То, что государство готов прибрать все средства массовой информации в свои руки, это, безусловно, тенденция, мне кажется, вообще всякого государства, но нашего в особенности. И, конечно, ему это удается больше, чем государствам в развитых демократиях Европы, тем не менее, дойти до уровня запретительства советской эпохи оно не сможет, по-моему, никогда. По-моему, это уже процесс необратимый. Поэтому если не говорить о телеэфире, а, скажем, о радиоэфире говорить и о газетах, многих, по крайней мере, то там степень свободы еще очень высока. И еще высока, и я надеюсь, что это «еще» и это «пока» можно будет в дальнейшем снять. Потому что, как заметил еще Иосиф Александрович Бродский, наше развитие всегда напоминает маятник, качнувшийся влево, потом качается вправо, а качнувшись право, вероятно, опять начнет качаться влево. И хотелось бы, чтобы влево он качался дольше.

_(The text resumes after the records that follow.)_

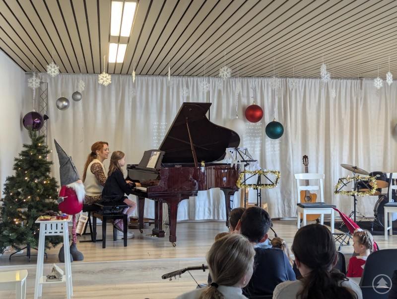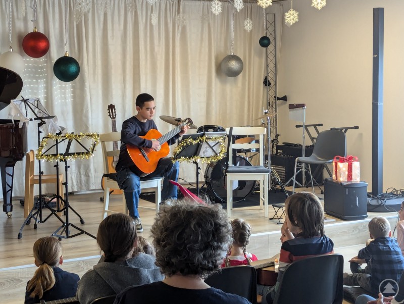 Zu hören waren beim ersten der fünf Termine im Saal der Musikschule neben zeitlosen Weihnachtsliedern wie „Jingle Bells“ auf dem Klavier auch moderne Lieder wie ein Remix des Ohrwurms „Last Christmas“. Dieser wurde gekonnt von einem 13-jährigen Schlagzeugschüler interpretiert. Auch die akustische Gitarre verzauberte am Samstagmorgen mit ihrer einzigartigen Klangvielfalt. Diese zeigte sich mit „Wir sagen euch an den lieben Advent“ einerseits klassisch weihnachtlich. Andererseits wurden dem unverstärkten Instrument mit dem Stück „Bossa für Noah“ auch sommerliche Töne entlockt. Diese Mischung kam hörbar gut an.
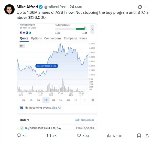 Уже купил до 1,66 млн акций ASST. Не остановлю программу покупок, пока BTC не превысит $126 000.
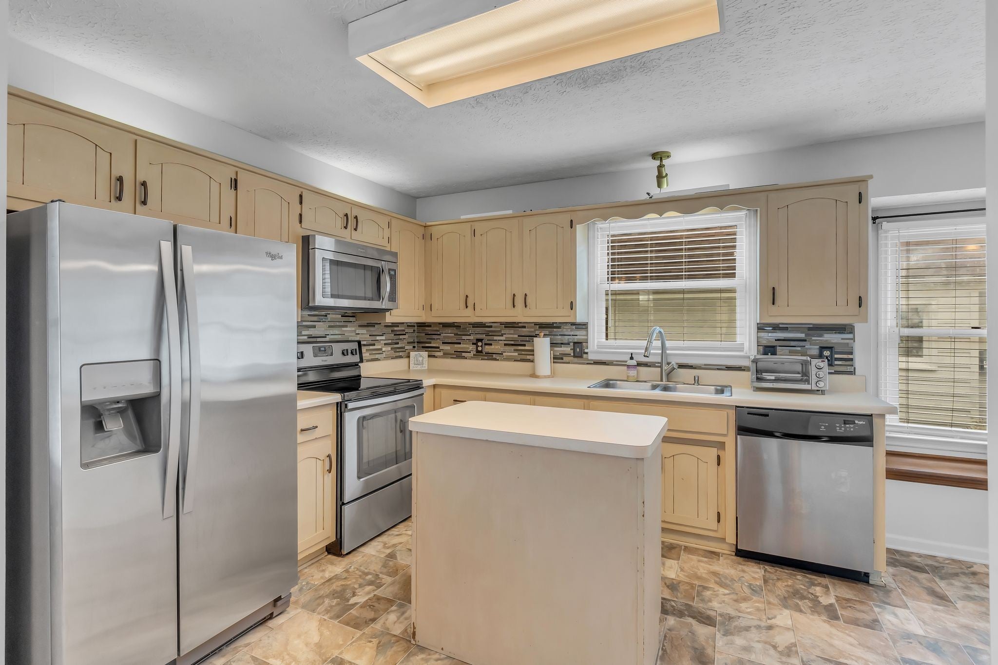 - Electric Oven, Electric Range, Dishwasher, Disposal, Dryer, Microwave, Refrigerator, Stainless Steel Appliance(s), Washer

Владимир Бабурин: Юлий Черсанович, я попрошу вас спеть «Адвокатский вальсок». Пусть слушатели и коллеги нас рассудят.




Юлий Ким

Юрий Ким поет:


Конечно, усилия тщетны,


И им не вдолбить ничего:


Предметы для них беспредметны,


А белое просто черно.



Судье заодно с прокурором


Плевать на детальный разбор -


Им лишь бы прикрыть разговором


Готовый уже приговор.



Скорей всего, надобно просто


Просить представительный суд


Дать меньше по сто девяностой,


Чем то, что, конечно, дадут.



Откуда ж берется охота,


Азарт, неподдельная страсть


Машинам доказывать что-то,


Властям корректировать власть?



Серьезные взрослые судьи,


Седины, морщины, семья...


Какие же это орудья?


То люди, как люди, как я!



Ведь правда моя очевидна,


Ведь белые нитки видать!


Ведь людям должно же быть стыдно


За правду в Сибирь высылать!



Ой, правое русское слово -


Луч света в кромешной ночи!


И все будет вечно хреново,


И все же ты вечно звучи!



И все же ты вечно звучи…



Юлий Ким: Вот тут нужен комментарий, что такое 190-ая статья. Она была принята в 1966 году и, кажется, была спровоцирована могучим движением крымских татар, которые в 1966 году приезжали несколько раз в Москву, устраивали массовые сидячие забастовки, и все по поводу их полной и окончательной реабилитации и возможности вернуться на историческую родину, то есть в Крым. И вот тут-то и возникла эта 190-ая статья, которая, конечно, стремилась убить больше зайцев, чем просто эти свободные демонстрации, там появились 190 прим., 190 2 часть и 3 часть. Вот 190 прим. активно применялась к нашим диссидентам, она гласила: «Хранение, изготовление и распространение литературы клеветнического содержания, содержащей умысел против советского государственного строя». Вот эту статью активно применяли к диссидентам, там полагалось три года лагерей. И по ней немало народу отправилось в отдаленные места в свое время, в том числе и ряд демонстрантов августа 1968 года, а именно – Вадик Делане и Володя Дремлюга. К остальным тоже были применены другие части этой статьи, но я говорю о лагере.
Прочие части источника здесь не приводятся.